Сам он говорил: «Всемогущий наделил меня таким пониманием нужд растений и животных, что я мог получить в три, пять и даже десять раз больше выгоды от использования земли, чем другие земледельцы».

Даже имея доступ ко всем земным благам, Ходжа Ахрар продолжал служить людям, прослышавшим про его редкие способности предвидения и исцеления, и приходившим отовсюду причаститься от его дара или чтобы стать его учениками. Он говорил:

«Каждый искатель находит свою дверь к Истине – я вошел через дверь служения».
«Зикр и муракаба (созерцание) должны совершаться во время, свободное от помощи ближним. Сделать довольным своего ближнего лучше, чем тысяча произнесений зикра».

О том же, что Ходжа Ахрар думал о своих необычайных способностях, говорится в следующей истории:

«Наставник Ахрар творил чудеса столь часто, чуть ли не ежедневно, что некоторые люди говорили:
- А что вы хотите? Ведь он - один из Преображенных, и подобные дела для него - пустяк. Лечить, продлевать жизнь, все знать, находиться одновременно в двух разных местах - это все и является признаками святости.
Один из таких людей обратился к Ахрару:
- О мастер величайших трудов! Всевышний воистину ниспослал ордену наищедрейшую милость, и нам полезно было бы убедиться в вашем небесном предназначении, ибо тогда мы с верой смогли бы следовать Пути.
Ходжа Ахрар ответил так:
- То, о чем вы говорите - не вера. Уверяю вас, на этой земле в каждом веке живет, по крайней мере, сорок тысяч небесных посланцев, облаченных в человеческие формы. Каждый из них чуть ли не ежедневно творит неведомые людям чудеса, и при этом кажется всем самым обыкновенным человеком, ибо деяния его имеют определенную цель и не предназначены для ублажения любопытных. Эти скрытые чудотворцы мало кому известны, а потому и слава их не столь громка и почитаема. Бывает и так, что люди сами избегают встречи с ними.
Стать человеком, поверившим в нечто, лишь узрев чудо, несравненно хуже, чем быть приблудной собакой на Пути. Убеждения таких людей проистекают из определенной формы возбуждения, ошибочно называемого верой.
Если же сердце ваше чисто и искренне, вы всегда сможете безошибочно распознать качество истинного - и вовсе не через чудеса или рассказы о нем. Только тогда, когда вы станете способными воспринимать эту сущность, эту жемчужину, в тех, кого считают самым обычным человеком, - равно как и в тех, кого считают Мастерами,- вы сможете называть себя следующими по Пути». (текст приведен по книге Идриса Шаха «Следуй за наставником»)

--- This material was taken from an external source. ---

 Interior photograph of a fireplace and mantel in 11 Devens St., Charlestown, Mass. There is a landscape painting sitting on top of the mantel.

Ходже Ахрару также принадлежат слова:
«Есть два вида гордости. Первый – это та гордость, которую мы все хорошо знаем, и которую следует отвергнуть. Вторая, приемлемая гордость, заключается в уповании на высшую силу. Это благородная гордость, которая ведет к принижению самости».

*****

Хотя первым учителем Ходжи Ахрара был Касим Табризи, в линию преемственности – силсила Мастеров Ходжаган-Накшбанди его посвятил Якуб Чархи, один из ближайших учеников Бахауддина Накшбандa.

Ахрар говорил:
«Цель суфийского Пути заключается в проявлении внутри человека его Присутствия. Существует только одно Присутствие, которое, однако, воспринимается людьми по-разному, в соответствии со способностями каждого. Это очень сложная и глубокая истина. Для того чтобы постичь ее, необходимо использовать одновременно разум, воображение и мышление. В свете Присутствия тонкие элементы реальности начинают постепенно проявлять себя.

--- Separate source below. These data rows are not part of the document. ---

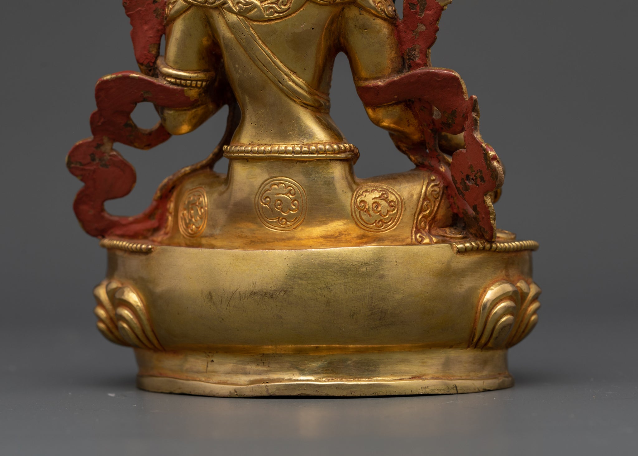 Vajrayogini is stunning. The details are amazing. It's easy to make out her facial expressions, skulls, feet, and the ring of fire around her. You can tell she's handmade. There is a consecration hole in her back.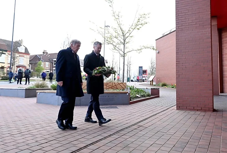 Юрген Клопп, Вирджил ван Дейк, сэр Кенни Далглиш, генеральный директор клуба Билли Хоган, послы клуба Иан Раш, Джон Барнс и Наташа Дауи, представители команд U21 и U18, а также тренер женской команды «Ливерпуля» Мэтт Берд и ее капитан Ниам Фэи возложили цветы на мемориал на «Энфилде».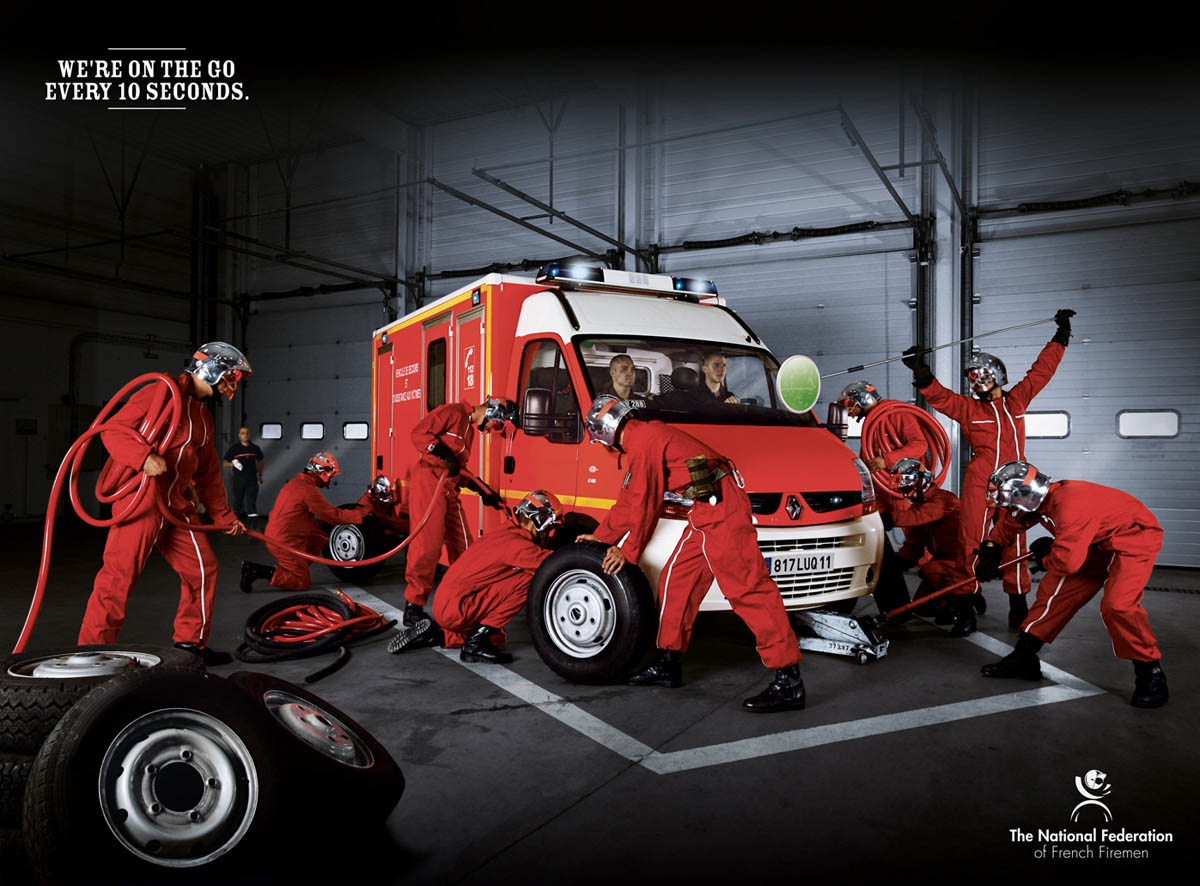 Французские пожарные словно автогонщики: делают пит-стопы всего на 10 секундЭтот плакат создан рекламным агентством Euro RSCG C&O по заказу Национальной Федерации Французских Пожарных (The National Federation of French Firemen), которые, как следует из принта, принимают вызовы каждые 10 секунд и собираются так быстро, словно они участвуют в автогонке.Мы собираемся в путь каждые 10 секунд. Агентство: Euro RSCG C&O, Париж, Франция Творческий директор: Olivier Moulierac, Jerome Galinha Арт директор: Luc Braquet Копирайтер: Luc Braquet, Bruno Banaszuk, Thierry Chantier Фотограф: S.Gautier, P.Forget Другое: Albano Martins |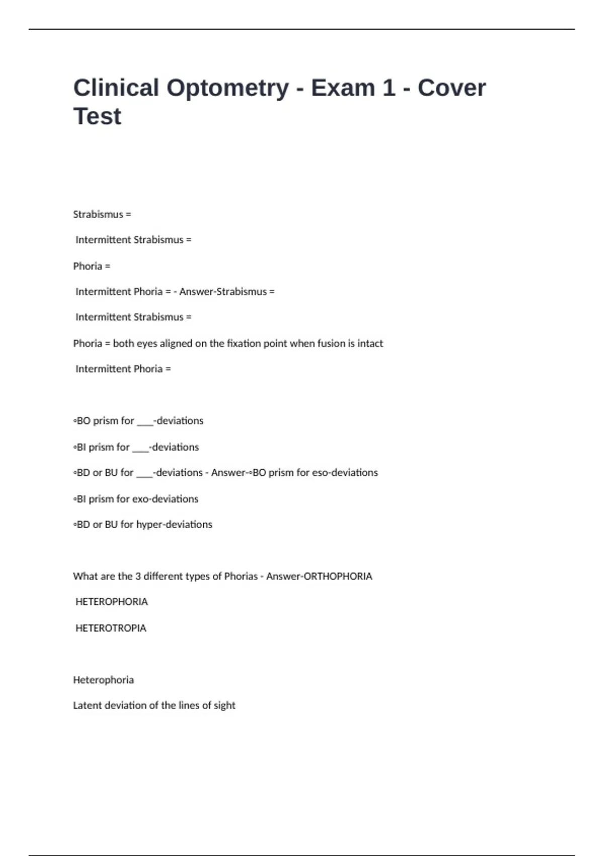 Clinical Optometry - Exam 1 - Cover Test Questions and Answers,Optometry Exam 1 Questions with Correct Answers,Optometry-Exam 1 Questions and Answers.

Поняв тайну судьбы, человек становится умиротворенным, поскольку знает, что видимый мир совершенно пуст и, в определенном смысле, не существует. В то же время, такой человек знает, что Высший Мир проявлен в каждой черте обычного мира. Умиротворенность знающих это людей можно уподобить волнам, возвращающимся в океан. Необходимо обрести настолько тесный контакт с Высшим, чтобы ни вода, ни огонь не могли свести его на нет».

Давая толкование одному из правил Накшбанди – баз гашт (самоограничение), Мастер Ахрар также сказал, что цель наших усилий – внутри нас, а семя преображения засеяно в каждом сердце. Именно оно одно способно стать плодоносным деревом, а все остальные растения являются сорняками, и их следует искоренить, используя самоограничение.

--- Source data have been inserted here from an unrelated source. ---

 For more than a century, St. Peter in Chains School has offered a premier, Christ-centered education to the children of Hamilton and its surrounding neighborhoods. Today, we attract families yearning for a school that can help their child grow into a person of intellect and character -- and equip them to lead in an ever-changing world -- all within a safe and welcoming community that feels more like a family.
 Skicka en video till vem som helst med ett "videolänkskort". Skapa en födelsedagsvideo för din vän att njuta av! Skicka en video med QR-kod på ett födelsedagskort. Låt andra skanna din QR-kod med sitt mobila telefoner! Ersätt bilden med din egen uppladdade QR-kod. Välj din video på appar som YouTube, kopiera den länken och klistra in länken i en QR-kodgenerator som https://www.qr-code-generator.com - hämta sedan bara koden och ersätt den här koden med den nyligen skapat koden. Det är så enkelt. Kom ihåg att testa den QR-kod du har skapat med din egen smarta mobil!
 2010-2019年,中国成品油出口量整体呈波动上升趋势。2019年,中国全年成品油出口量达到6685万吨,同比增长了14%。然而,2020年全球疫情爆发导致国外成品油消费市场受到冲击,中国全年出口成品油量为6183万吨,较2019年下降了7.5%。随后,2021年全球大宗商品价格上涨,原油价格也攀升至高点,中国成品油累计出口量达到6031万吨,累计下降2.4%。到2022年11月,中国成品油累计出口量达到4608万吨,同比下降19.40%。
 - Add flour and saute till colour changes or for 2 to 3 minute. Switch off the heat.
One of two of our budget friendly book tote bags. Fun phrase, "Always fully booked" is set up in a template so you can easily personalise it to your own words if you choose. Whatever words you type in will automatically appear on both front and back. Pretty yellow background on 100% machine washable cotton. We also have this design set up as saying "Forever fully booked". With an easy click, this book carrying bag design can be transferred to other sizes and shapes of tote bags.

Говоря о уединенном созерцании (чилла), которую дервиши используют для концентрации внутренней силы и очищения ума, Ахрар сказал, что состояние созерцания не означает полное отсутствие мыслей, как иногда полагают. Просто мысли не должны подчинять себе внутреннее состояние человека. «Созерцание - как река, течению которой не мешают плавающие на ее поверхности палки и ветки».

*****

Ходжа Ахрар никогда не считал себя Учителем. Однажды он сказал: «Моя задача не учить, а защищать верующих от тиранов и предотвращать братоубийственные войны. Поэтому мне приходится иметь дело с правителями и султанами, завоевывая их сердца».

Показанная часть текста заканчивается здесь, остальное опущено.